▶ [What you should do]:
Only what runs from the line with "그런데 찾는 손님이 늘었음에도, 서점을" to the end of the data should appear in the answer, exactly as written and without pictures.

Content starts

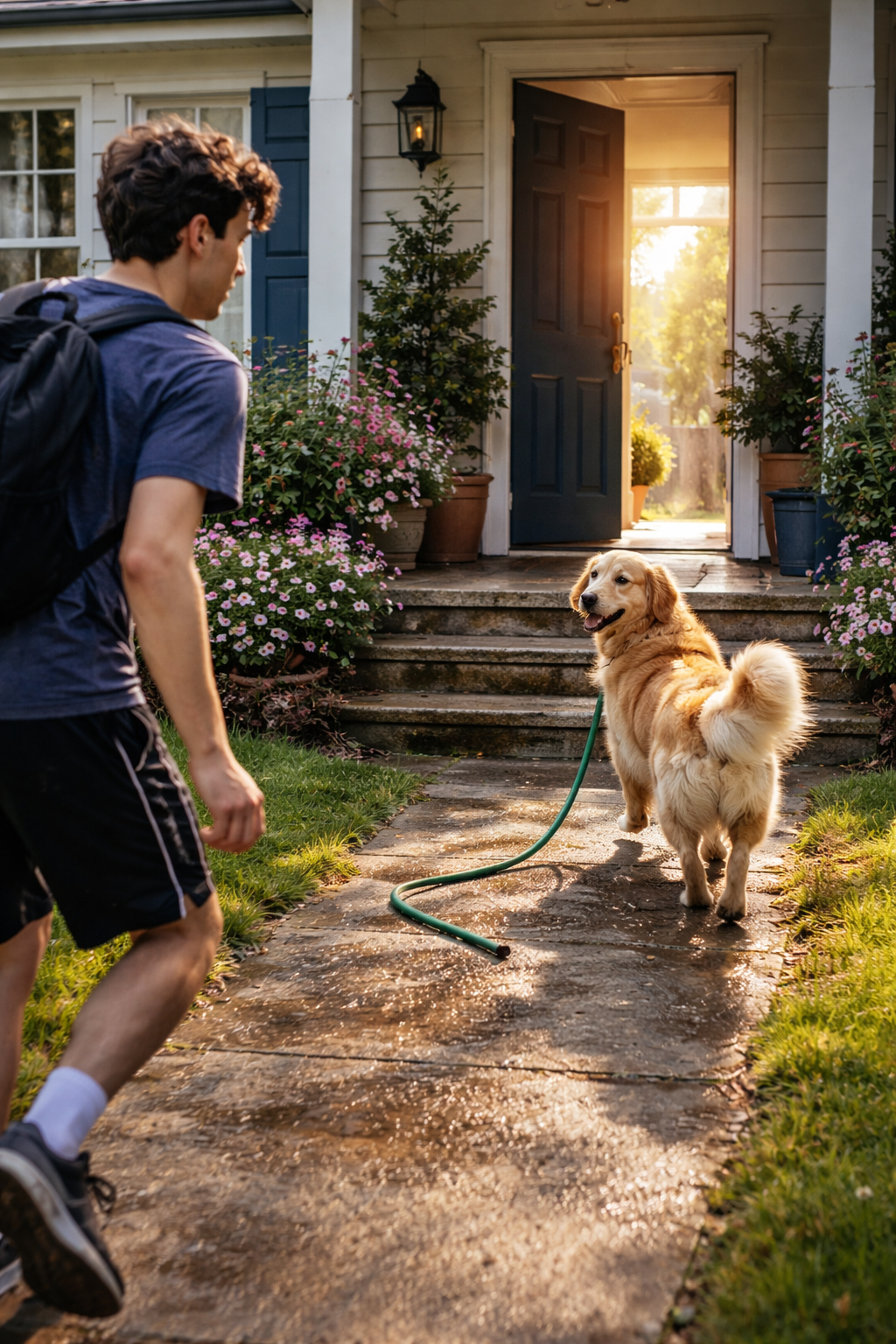 The dog stood beside him, no longer spraying water, no longer confused — just waiting.
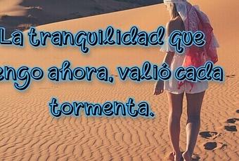 Aquí les dejo la frase bonita de esta semana. Seria maravilloso sentirnos así después de pasar por momentos duros y tristes en nuestra vida. Recuerden al final siempre nos encontramos con esa luz que nos cambia todo. La tranquilidad que tengo ahora, valió cada tormenta.
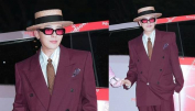 [패션엔숏] 지드래곤, 우주인과 악수! 밀집 모자 쓴 버건디 슈트 런칭 파티룩
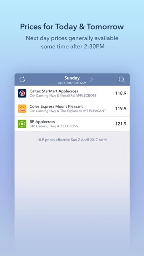 • Easily swipe to reveal tomorrow's prices (when available, usually some time after 2:30PM Australian Western Standard Time)
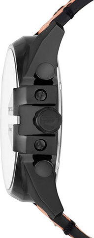 Mega Chief. Хронограф с секундомером. Круглый корпус из стали. Метка 12 выполнена в виде штриха, остальные — арабские цифры. Дата отображается в положении 3 часов. Заводная головка рифленая и защищена. Задняя крышка завинчивающаяся. Ремешок из кожи.
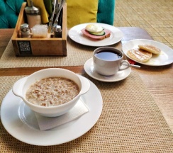 Теперь о завтраке. Девушка сказала, что ресторан завтраки не обслуживает, т.е. разносят только по номерам. Я удивилась. Деньги проплатили с завтраком... Еще, она предложила мне завтрак забрать с вечера :) Утром, говорит, разогреете :) Нет, уж! Завтра принесете свеженький! Утром в 8-30 принесли завтрак: рисовая каша в полиэтиленовой баночке, два бутерброда с прослойкой тоненькой колбаски и кексик. Пакетик чая и два пакетика сахара. А где фрукты, сосиска, кусочек масла, сыра? Заплатили 4200. Может наша сосиска по пути в наш номер где то вышла :)
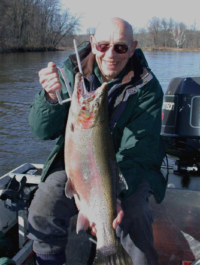Now, this Steelhead was a bright-silvery chrome hen, fresh in from Lake Michigan.  She had a vile, contemptuous attitude akin of a pissed-off pit-bull!  This large hen shot upstream and did her best to cut the line on our anchor rope.  However, Warren's skillful duty with the rod coaxed the Steelie into the clear.  After a hectic 10 minutes, Capt. Tom slid the net underneath a beautiful, radiantly-bright 9 pound hen.  Hey, we were in business and under any circumstances ...we were not gonna get skunked today!
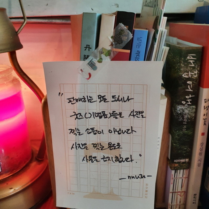 그런데 찾는 손님이 늘었음에도, 서점을 운영하는 주인의 시름은 자꾸만 늘어가고 있다. 이유는 대부분의 관광객들이 책을 읽고 구매하기보다, 책과 함께 ‘인생샷’만 남기고 소리 없이 사라져버리기 때문이다. 서점 곳곳에는 “새한서점의 책들은 소품이 아니라 읽는 책들입니다. 사진만 찍는 소품으로 사용하지 말아주세요”라는 내용의 쪽지가 붙어 있었다. 그리고 눈에 들어 온 한 문장.
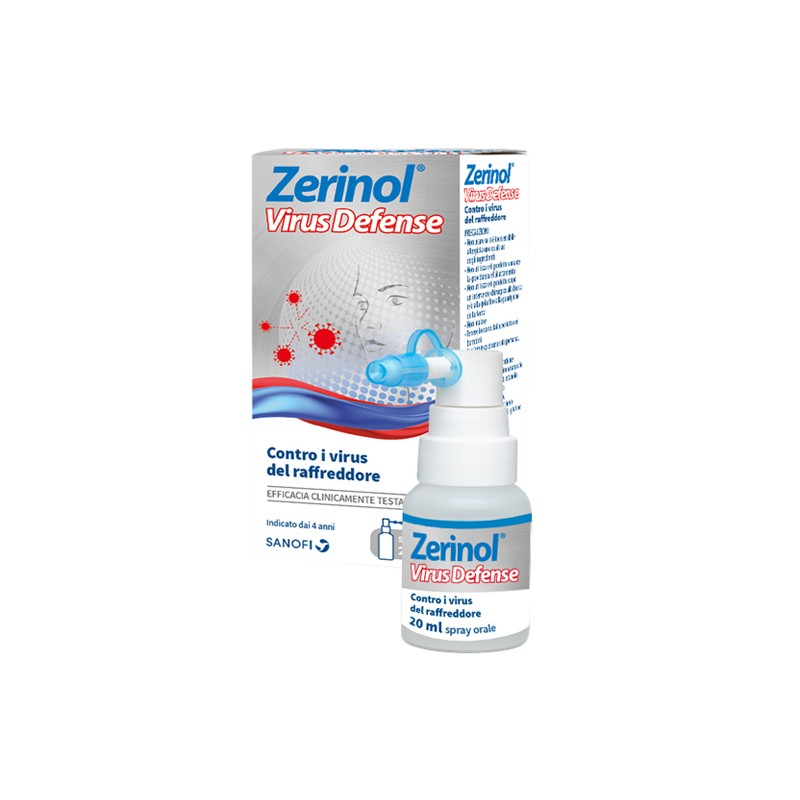 Zerinol Virus Defence è una soluzione che protegge dai virus del raffreddore, riduce la durata del raffreddore se usato in una fase iniziale. Allevia i sintomi del raffreddore e calma il mal di gola. Prodotto da Sanofi.
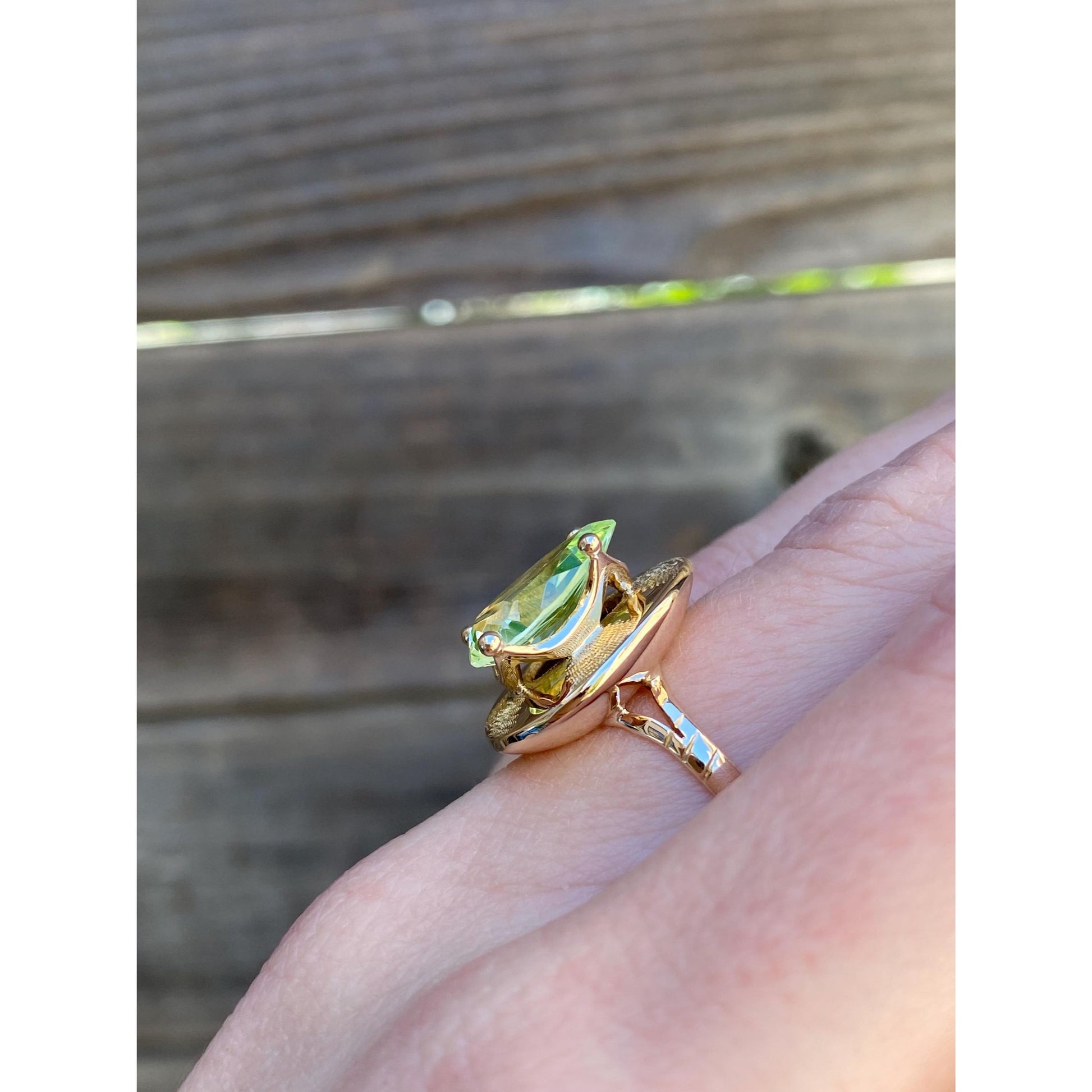 Solid 10k Yellow Gold Light Green Spinel Teardrop Ring - Size 6.25
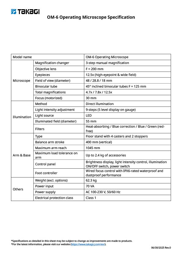 TAKAGI Accessories Introduction OM 6 Operating Microscope
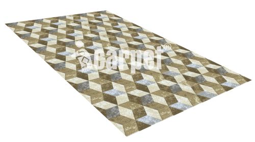 Коврик вырезной icarpet PRINT антискользящий (141) "3D Куб" 100х150 серо-бежевый S

Content ends

▶ [Expected answer]:
 그런데 찾는 손님이 늘었음에도, 서점을 운영하는 주인의 시름은 자꾸만 늘어가고 있다. 이유는 대부분의 관광객들이 책을 읽고 구매하기보다, 책과 함께 ‘인생샷’만 남기고 소리 없이 사라져버리기 때문이다. 서점 곳곳에는 “새한서점의 책들은 소품이 아니라 읽는 책들입니다. 사진만 찍는 소품으로 사용하지 말아주세요”라는 내용의 쪽지가 붙어 있었다. 그리고 눈에 들어 온 한 문장.
 Zerinol Virus Defence è una soluzione che protegge dai virus del raffreddore, riduce la durata del raffreddore se usato in una fase iniziale. Allevia i sintomi del raffreddore e calma il mal di gola. Prodotto da Sanofi.
 Solid 10k Yellow Gold Light Green Spinel Teardrop Ring - Size 6.25
 TAKAGI Accessories Introduction OM 6 Operating Microscope
 Коврик вырезной icarpet PRINT антискользящий (141) "3D Куб" 100х150 серо-бежевый S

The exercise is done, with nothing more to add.